HMO Plans (Health Maintenance Organization) are a kind of health insurance that can drastically limit your options for seeking care, but provide a large monetary compensation in return. It all comes down to finding an HMO with a large enough network, and a good enough location for you.
HMO plans operate through a network system. Unlike PPOs, which just change the amount charged based on whether you’re seeing a doctor who’s in their network or not, HMOs do not cover health care if it’s outside of their network. This can pose a problem for people who live far away from major cities, or who develop an acute or rare illness or problem. If there isn’t a specialist inside their HMO network, they’re going to have to pay out of pocket for those appointments and treatments. If someone lives in a rural area, or just far from doctors in their HMO network, it could be a long trip to the doctor every time they have a sore throat or a cough that just won’t go away.

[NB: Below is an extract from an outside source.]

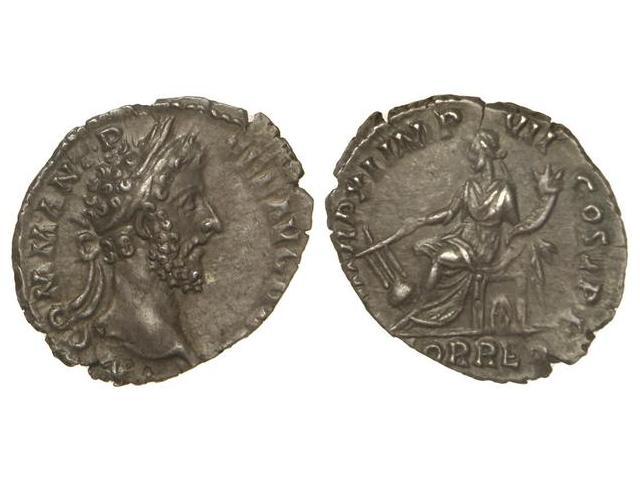 Denario. - Acuñada el 184-189 d.C. - CÓMODO. - Anv.: M. COMM. ANT. P. FEL. AVG. BRIT. Cabeza laureada a derecha. Rev.: FORT. RED. P. M. TR. P. XI IMP. VII COS. V. Fortuna sentada a izquierda con cornucopia y timón, rueda bajo el asiento. 2,60 grs. Pátina. C-150. EBC. - -
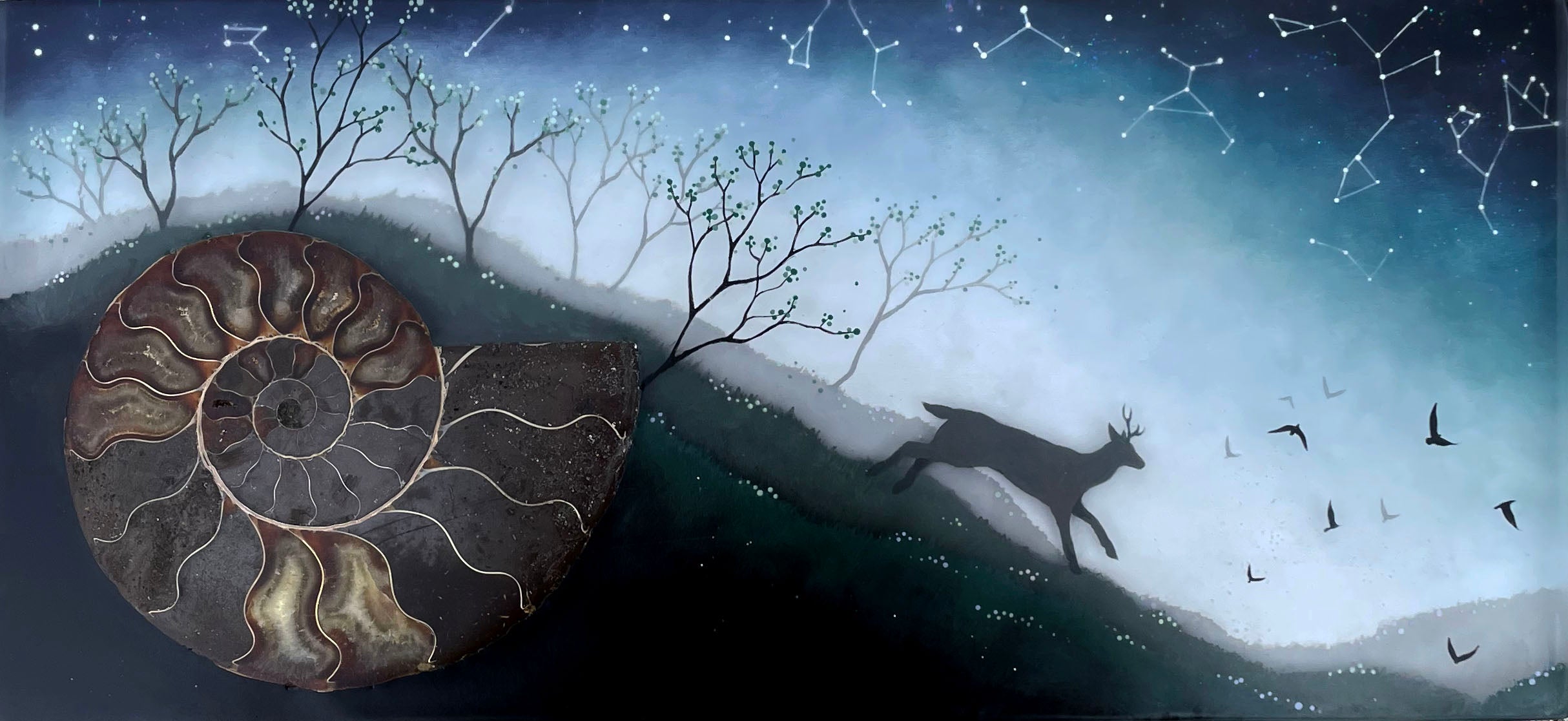 Painted and layered in polished resin with an ammonite fossil partially embedded.

Though the detractors are large, HMOs remain very popular because they offer many benefits to those who have their insurance. Within their network, doctors have agreed to significantly lower costs; this means that the patient is being charged less and their insurance will cover a lot of that as well. This spells big savings for patients. Additionally, most HMOs are rigorous in who they allow into their doctor system. Doctors are held to high quality standards, hospitals are held to high standards, and the insurance holding patient benefits from this screening process. Many people have difficulty finding a doctor they can trust, and don’t know how to investigate their track record. It’s much easier to find the criteria by which an HMO evaluates their doctors and know that every doctor in their network passes these checks.